With Reuse Plan, Pran-RFL Moves to Import Used Clothes Hanger

Plastics giant Pran-RFL Group wants to import, process and reuse plastic clothes hangers that have been discarded by Western retailers, such as Walmart, Carrefour and H&M.

According to Pran-RFL officials, hanger manufacturer and exporter Banga Plastic International Ltd will take back the intact hangers to make them usable again.

More than a dozen Western retailers have contacted Pran-RFL because they cannot offload or recycle the hangers in the West, according to a letter sent to the Ministry of Commerce by Pran-RFL chief Ahsan Khan Chaudhry to obtain import approval.

“Foreign brands import clothes hangers from us, and they store them intact after the clothes are sold. We want to import the plastic item, process it, and export it to brands again,” he wrote in the letter.
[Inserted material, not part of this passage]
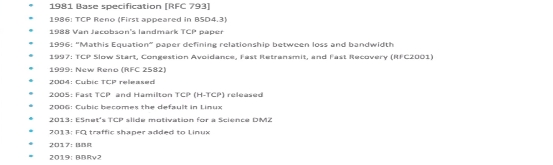 1980年代的互联网崩溃,促成了TCP拥塞控制的落地。经过十多年的发展,Cubic出现并延续至令,目前它仍然是互联网主流的拥塞控制算法,它基于著名的“加性增,乘性减”(AIMD)控制律,将丢包作为网络链路拥塞的指示。它会检测丢包,发现时便会主动降低发送频率,减少拥塞。这被称为“基于丢包”的拥塞控制算法。同类算法有几个,像更早前的Reno, BIC等。
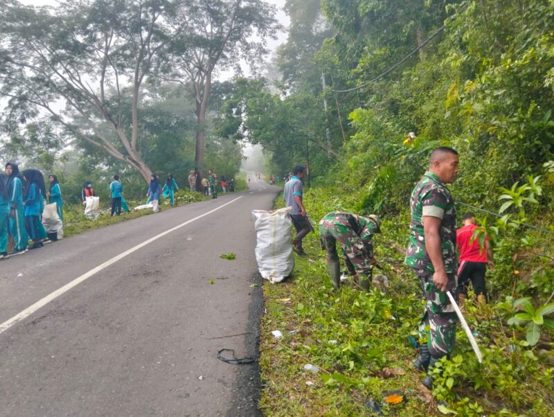 Dengan penuh semangat, personel Koramil bersama warga membersihkan sepanjang ruas jalan, memastikan akses transportasi kembali lancar dan aman bagi pengguna jalan. Keterlibatan aktif TNI ini menjadi wujud nyata kemanunggalan TNI dengan rakyat, sekaligus memperkuat sinergi antara aparat dan masyarakat dalam menjaga lingkungan.

According to the conglomerate, it produces about 27,000 tons of raw materials from 30,000 tons of used plastic annually. The raw materials obtained from recycling amount to Rs 400 crore. Recycled items include cups, buckets, bottles, and chairs.

Noting Pran-RFL’s growing focus on reuse and recycling, Ahsan Khan Chowdhury assured the Ministry of Commerce that the company’s operations to make hangers reusable would not have any negative environmental impact.

Banga Plastic exports Rs 5 crore piece of clothes hanger to overseas market annually. The company exports 10 kiahs directly while the remaining hangers go to foreign ready-to-wear retailers.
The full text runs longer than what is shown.